Однако, наивной надежде Кати не суждено было исполниться. Хотя жар у Матвеича начался вполне настоящий, и блажил он от души во всю глотку, но явившийся комбедовец Плешак был непреклонен:

– Если он так сильно болен, то пусть с ним останется твоя мать! Старуха – элемент отживший, а ты уклоняться не имеешь права!

– Ты, что ль, права устанавливаешь?! – взъярилась Катя. – С чего это я должна оставить детей и больного мужа?! Ради какой-такой радости?! Твоих болтунов слушать?! Когда тебе делать нечего, так и слушай их! А мне вздохнуть времени нет!

Плешак надул вечно влажные, растрёпанные губы:

– Несознательно рассуждаешь! Нынче главный вопрос решается, понимаешь-нет? Как голодным помогать!

– Да ну?! Севка! Валька! Ну-ка, подьте сюда! – крикнула младших.

Те тотчас прибежали на материнский зов. Худющие. Бледненькие до голубизны – каждая жилочка просвечивает. Подтолкнула их мать вперёд себя, приподняла рубашонки грязные так, что животы вспухающие видны стали.

– Голодающим, говоришь, помогать собрались? А ну давай! Помоги! Детям моим помоги! – голос Кати начал срываться. – Ты с морячком вчера, поди, яичницу с салом лопал и самогонкой заливал? Ну, говори! И не стала вам та яичница поперёк ваших бесстыжих глоток! А мои дети хлеб с примесью жуют и то не досыта! А ну, пошёл прочь из моего дома! Голодающим они помогать собрались! Ишь!

Так и напирала, так и напирала Катя на хлипкого Плешака. Так разъярилась баба, что, того гляди, набросилась бы на него, вцепилась в редкую бородёнку. Но Плешак вовремя выскочил прочь, погрозив зло:

– Я тебе эти слова ещё припомню!

Авдотья Никитишна мелко закрестилась, посмотрела жалко вначале на утирающую слёзы дочь, затем на Игната:

– Что ж это будет теперь?

Матвеич лишь крякнул в ответ и отвернулся к стене. Хоть и холодила сердце тревога о том, как отзовётся Катин бунт, но и гордился женой. Дал же Бог характер бабе – самого чёрта не испугается!

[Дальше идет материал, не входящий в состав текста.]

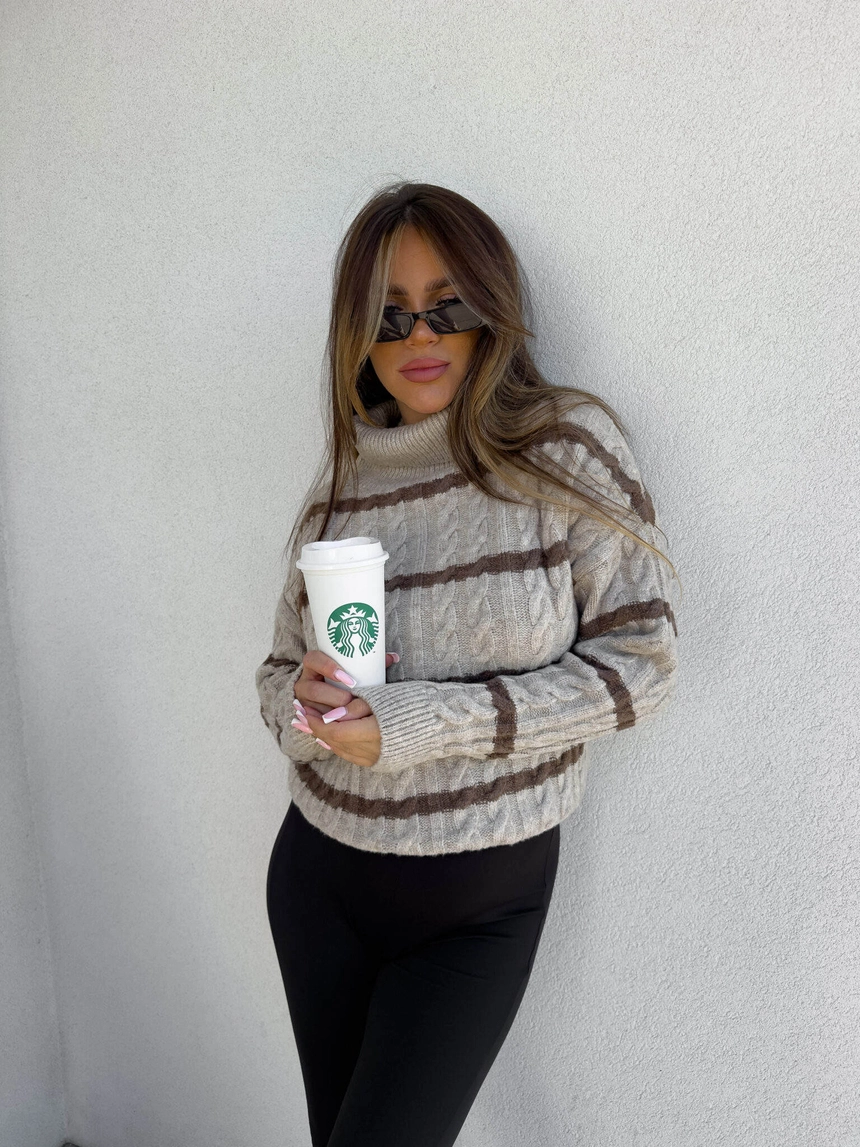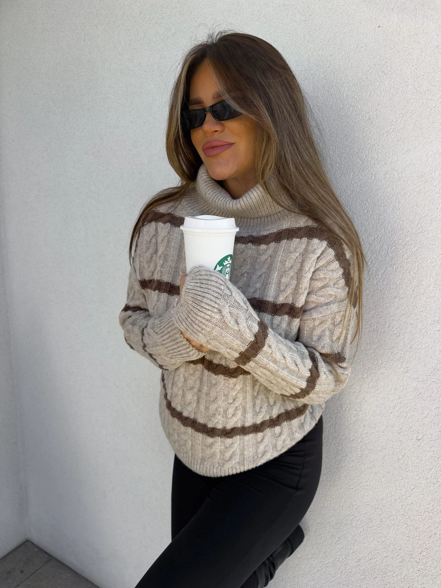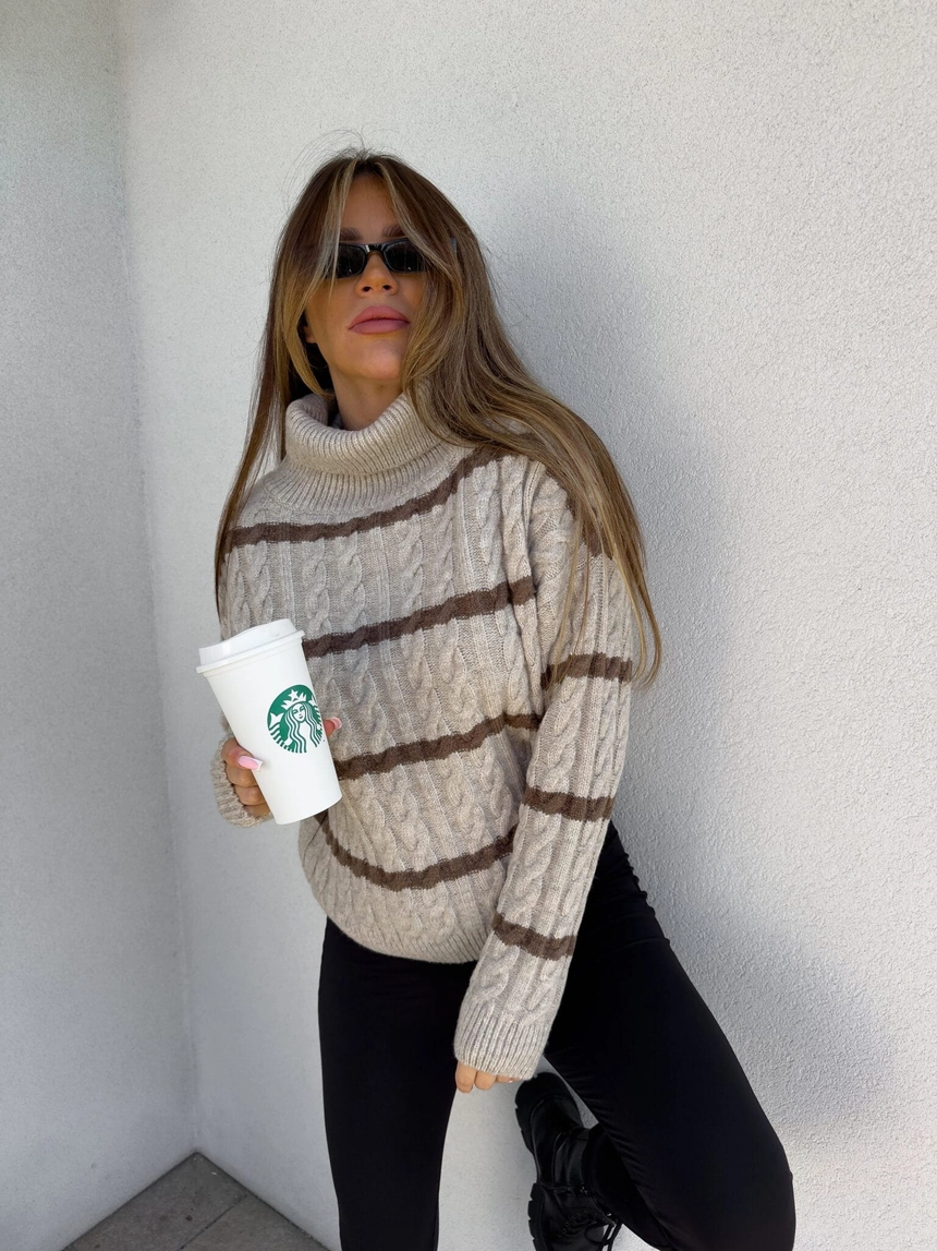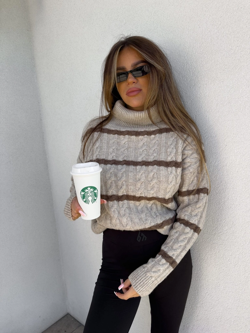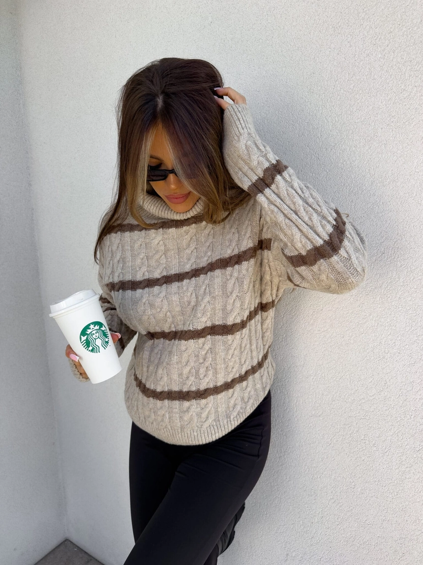 Sweter golf INKO pasy - beżowo-czekoladowe

Между тем, Катино возбуждение улеглось, и она обессилено опустилась подле мужа, вздохнула глубоко:

– Как жить-то будем, Матвеич?..

Что мог ответить ей Игнат? Как жить, если вся жизнь с ног на голову встала? То ли дело прежде было… Своя земля, свой инструмент, скотина, веялка… А теперь ничего своего у крестьянина не стало. И добро бы ещё, забрав, с умом распоряжались! Так нет! Вон, была у Федота-соседа мельница. Один он управлялся на ней. Кому надо было хлеб смолоть – все к нему шли. И горя не знали. Но, вот, отобрали у Федота мельницу. Поставили над нею начальствующий элемент. Элемент этот пил горькую и воровал, но решил, что один со столь сложными обязанностями не управится. Назначили ему помощника. Затем и ещё одного. И, вот, эти три молодца пили да воровали круглый год, а производительность мельницы за это время снизилась ровнёхонько в три раза.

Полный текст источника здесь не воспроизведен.